Filsafat, seringkali disalahpahami sebagai disiplin ilmu yang abstrak dan sulit dipahami, pada hakikatnya adalah upaya untuk berpikir secara kritis dan mendalam tentang berbagai aspek kehidupan. Di MJS, Ngaji Filsafat tidak hanya mengajarkan tentang pemikiran-pemikiran filsafat secara teoritis, tetapi juga bagaimana menerapkannya dalam konteks kehidupan sehari-hari, termasuk dalam pemahaman dan praktik keagamaan. Ini merupakan sebuah inovasi yang membawa angin segar dalam pembelajaran di masjid, di mana kajian-kajian biasanya lebih cenderung fokus pada aspek fiqih, akidah, dan tafsir.
Mengapa Masjid Perlu Menyelenggarakan Kajian Filsafat?
Pertama, karena filsafat melatih kita untuk berpikir secara kritis dan sistematis. Dalam era post-truth seperti sekarang, di mana informasi yang tidak berdasar seringkali disajikan seolah-olah kebenaran, kemampuan untuk memilah dan memilih informasi dengan bijak menjadi sangat penting. Ngaji Filsafat di MJS menunjukkan bagaimana filsafat yang dipandu oleh wahyu dapat menjadi alat untuk memperkuat kemampuan berpikir kritis ini, sekaligus memperdalam pemahaman tentang nilai-nilai keagamaan.

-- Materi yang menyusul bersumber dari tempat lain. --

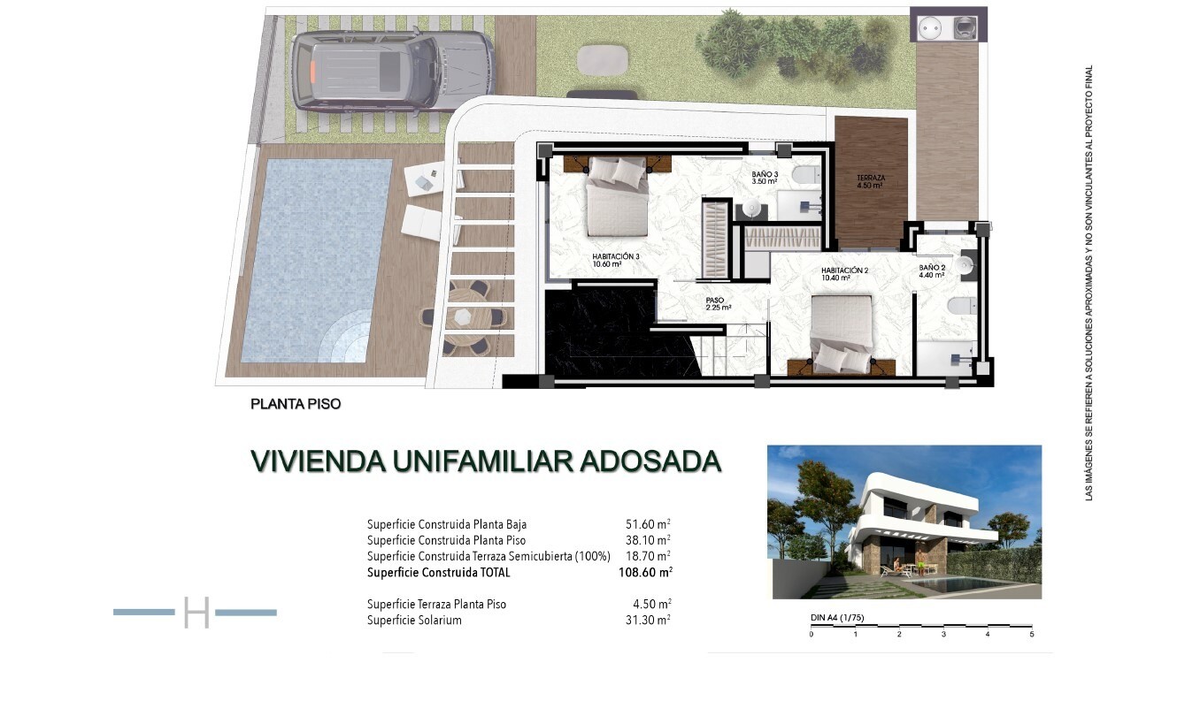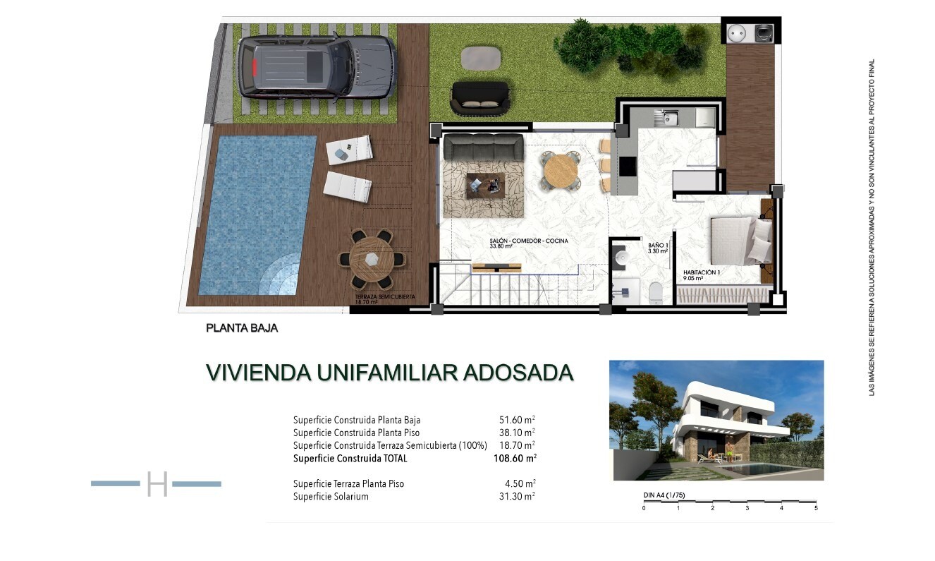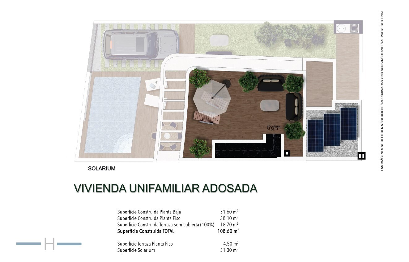 Solarium 31m2. Mała rezydencja z 32 domami typu Quad i 4 domami wolnostojącymi w cichej dzielnicy mieszkalnej Los Montesinos, blisko wszystkich możliwych udogodnień i pól golfowych. Idealna lokalizacja dla miłośników jazdy na rowerze, ponieważ istnieje bardzo dobre połączenie ścieżek rowerowych. Do różnych placów zabaw można dojechać samochodem w o...koło 20 minut. Lotnisko w Alicante w około 30 minut

Kedua, filsafat membantu memperluas wawasan dan pemahaman kita tentang dunia. Dalam kajian filsafat, kita diajak untuk mengeksplorasi berbagai pemikiran dan ide dari berbagai zaman dan budaya, yang pada gilirannya dapat membantu kita memahami keberagaman dan kompleksitas dunia ini. Hal ini sangat relevan dengan konteks keagamaan, di mana pemahaman yang mendalam dan inklusif tentang agama dapat mendorong toleransi dan keharmonisan antar umat beragama.
Ketiga, filsafat memperkaya spiritualitas. Melalui kajian filsafat, kita diajak untuk merenungkan pertanyaan-pertanyaan besar tentang kehidupan, kematian, keberadaan Tuhan, dan tujuan hidup manusia. Pertanyaan-pertanyaan ini, ketika direnungkan dengan serius, dapat membawa kita pada pemahaman yang lebih dalam tentang diri sendiri dan hubungan kita dengan Sang Pencipta. Di MJS, filsafat disajikan dalam “kemasan kesujudan,” di mana pemikiran filsafat dibingkai sebagai tangga pemahaman untuk semakin mendekatkan diri kepada Tuhan.
Masjid dan Program Progresif
Inisiatif seperti Ngaji Filsafat di MJS membuka jalan bagi masjid lain untuk mengadopsi pendekatan serupa dalam menyelenggarakan kajian-kajian mereka. Dengan mengintegrasikan filsafat ke dalam kurikulum pembelajaran di masjid, kita tidak hanya melatih nalar umat, tetapi juga memperkaya spiritualitas mereka. Ini adalah langkah penting dalam menjawab tantangan zaman dan mempersiapkan umat yang tidak hanya kuat secara spiritual, tetapi juga berpikir kritis, terbuka, dan bijaksana dalam menghadapi berbagai permasalahan kehidupan.
Ngaji Filsafat di MJS menunjukkan bahwa filsafat dan keagamaan bukanlah dua ranah yang terpisah, melainkan dua sisi mata uang yang sama yang saling melengkapi. Melalui kajian filsafat yang dipandu oleh wahyu, masjid dapat menjadi pusat pembelajaran yang melahirkan umat yang intelektual, spiritual, dan siap menghadapi tantangan zaman dengan kebijaksanaan dan keimanan yang kuat.